Informations diverses

Sécurité routière dans le bourg.

Un petit rappel, depuis quelques mois, il a été observé un manque de respect des règles en matière de sécurité routière et notamment des véhicules motorisés dans le centre du village. La liste n’est pas exhaustive : les STOPS où l’arrêt n’est pas marqué, les intersections qui sont prises sur la gauche, sans parler de la vitesse parfois excessive.
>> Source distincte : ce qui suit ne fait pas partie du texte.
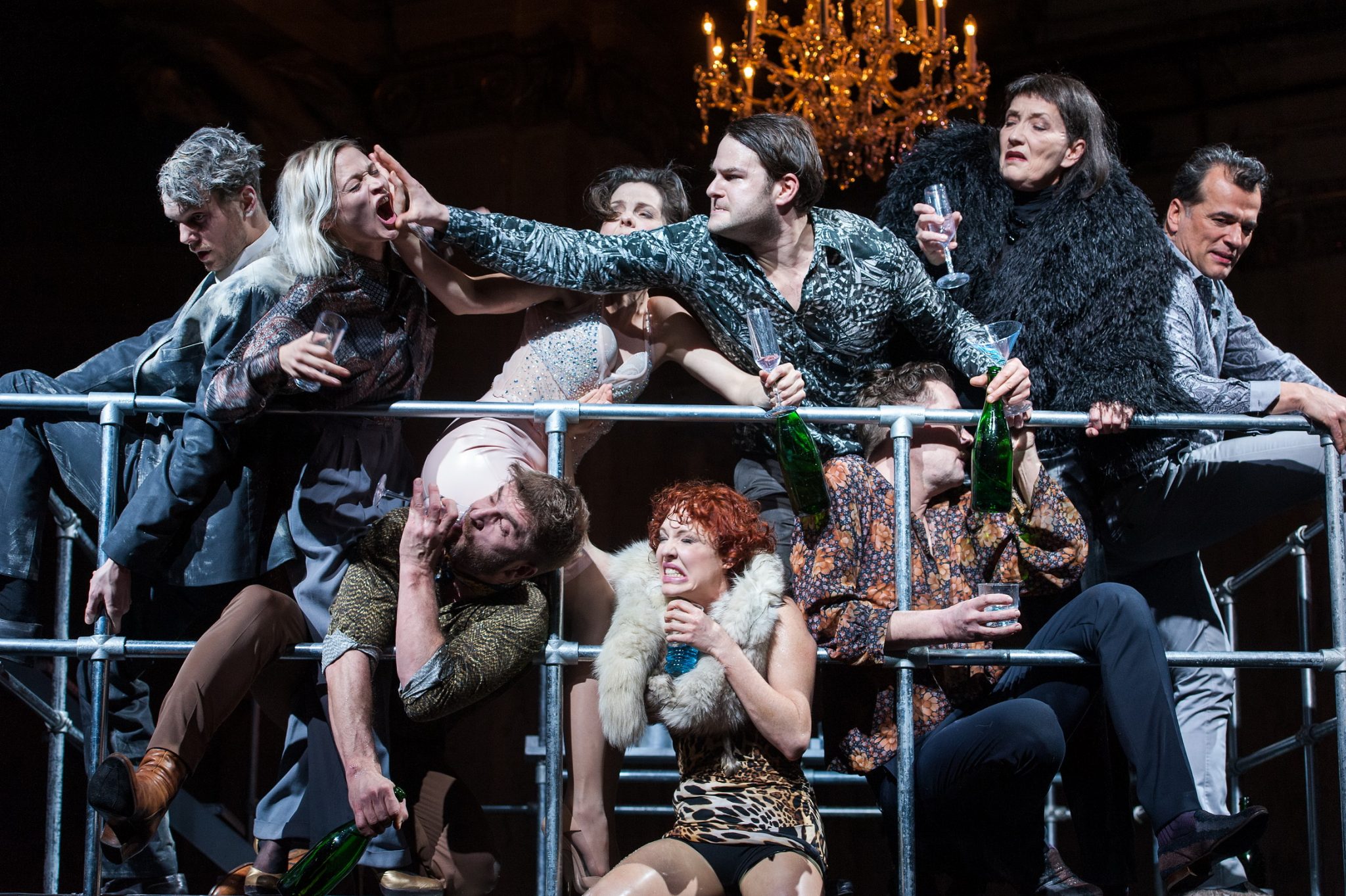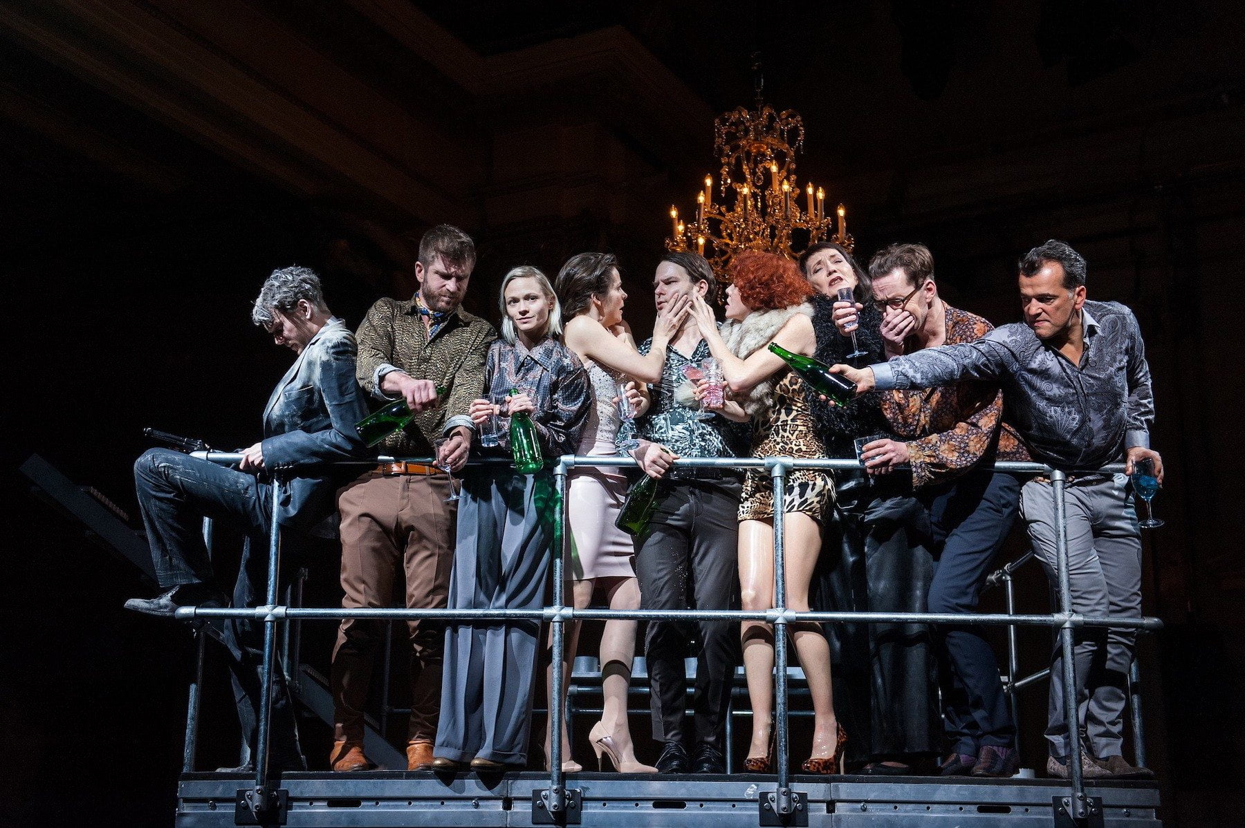 Lolić greift zu einem dramaturgischen Trick, um das für eine Bühne extrem kurze Geschehen auf 1 Stunde und 15 Minuten auszudehnen. Insgesamt vier Mal hintereinander darf das Ensemble den Pinter-Text spielen, in jeweils verändertem Setting, mit immer kürzer werdenden Statements. Zu Beginn jedoch schleichen die Schauspielerinnen und Schauspieler wortlos in einem Pulk quer über die Bühne, das Publikum beinahe ängstlich oder argwöhnisch im Visier. Darauf folgt eine atemraubende Tanzsession zu harten Techno-Trance-Beats, bevor die davon Ausgepowerten ihr Bühnenbild – eine Podest-Konstruktion aus Aluminium – gemeinsam ins Blickfeld schieben. Diese erst einmal erklommen, beginnen sie mit der Deklamation von Pinters Text, in dem er nicht nur die einzelnen Befindlichkeiten dieser Menschen aufzeigt. Er lässt auch, durch Randbemerkungen angedeutet, durchblicken, dass sich außerhalb des Partygeschehens in der Stadt, die keinen Namen trägt, wohl Schreckliches abspielt. Von Barrikaden ist da kurz die Rede, von Soldaten, die patrouillieren, sogar vom Schwarzen Tod. Während aber draußen offenbar das große Sterben angesagt ist, zumindest jedoch eine politische Willkür waltet, wird drin ausgelassen gefeiert. Der Luxus im dem geschwelgt wird, wird durch einige Kronleuchter markiert, die im Laufe des Abends jedoch erlöschen. (Bühne Sabine Kohlstedt)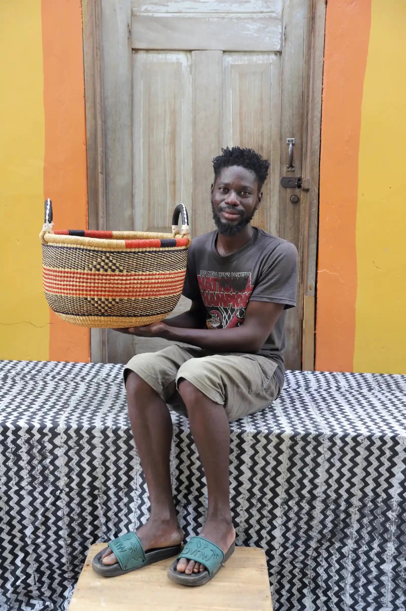 Gbenka,得名于用于过滤皮托(一种深受喜爱的小米酒)的传统筛子,是加纳上东部地区最早编织的篮子之一。它象征着热情好客和社群精神,承载着共享喜悦的氛围。如今,它被重新设计成实用的储物容器,用来盛放水果、纺织品或珍藏品。
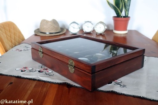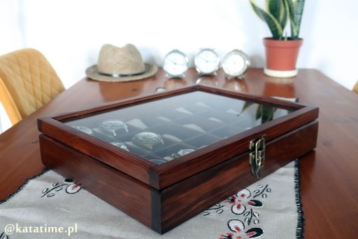 SKRZYNECZKA KASETKA PUDEŁKO NA 18 ZEGARKÓW DREWNO ROBIONA RĘCZNIE W POLSCE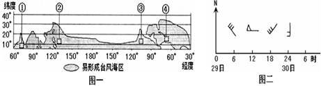 1、单选题  我国是世界上受台风影响最大的国家之一。图一为“北半球易形成台风海区分布示意图”;图二为福建某城市在此次台风天气过程中的风向和风力变化图。风杆(长线段)上绘有风尾(短线段)的一方指示风向。每一道风尾表示风力2级,一个风旗表示风力8~12级。读图,回问题。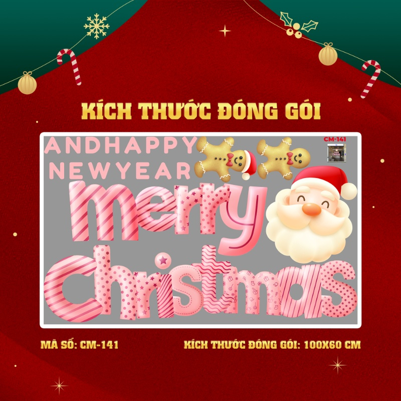 Decal noel chữ merry christmas bánh quy và ông già dán kính 2m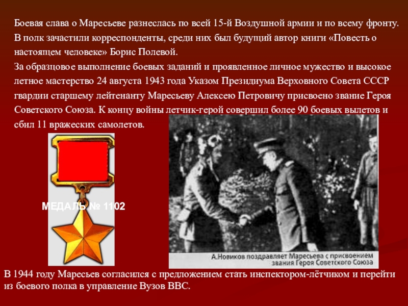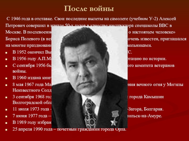Я думаю, неслучайно имя этого летчика стало легендой, неслучайно Борис Полевой посвятил ему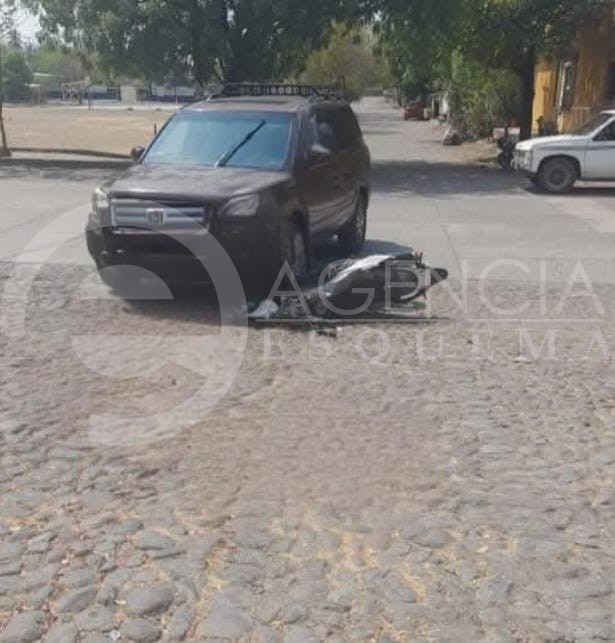 Apatzingán, Michoacán, 4 de mayo de 2025.- Este domingo se registró un accidente en la colonia Pénjamo, un motociclista fue arrollado por una camioneta que terminó sobre la motocicleta.

Alors chers conducteurs pensez aux autres usagers de la route que sont les cyclistes, les piétons et bien sûr les autres conducteurs.

____________________

Attention : la RD 288 (Castillonnès-Eymet)

Suite à un accident survenu à Mondounet en 2015 et fort heureusement sans gravité, l’équipe municipale a demandé le classement en voie prioritaire de cette route qui traverse la commune pour rejoindre la RD1 (route de Lauzun) à La Plaine de Bayle. Désormais c’est chose faite, toutes les voies communales sur la route d’Eymet sont protégées par un STOP ou CEDEZ LE PASSAGE qu’il convient de respecter.

____________________

Carte nationale d’identité !

Depuis le 15 mars 2017, les demandes de CNI sont effectuées dans les mêmes modalités que pour les demandes de passeports. Ces nouvelles modalités permettront de davantage sécuriser la CNI, elle sera valable pour une période de 15 ans, gratuite sauf en cas de vol ou de perte. Les habitants de Cahuzac qui souhaitent obtenir une CNI doivent s’adresser aux mairies de Villeréal (tel : 05.53.36.00.39) ou Miramont de Guyenne (05.53.93.20.52) afin de fixer un rendez-vous pour la prise des empreintes digitales. Toutefois une pré-demande peut être effectuée sur le site https://predemande-cni.ants.gouv.fr ce qui permet d’éviter de remplir un dossier papier au guichet de la mairie et constitue un gain de temps.

____________________

Composteur communal

Un composteur communal sera prochainement installé au point de collecte des ordures ménagères situé au Bourg. Nous vous invitons à l’utiliser en respectant les recommandations affichées.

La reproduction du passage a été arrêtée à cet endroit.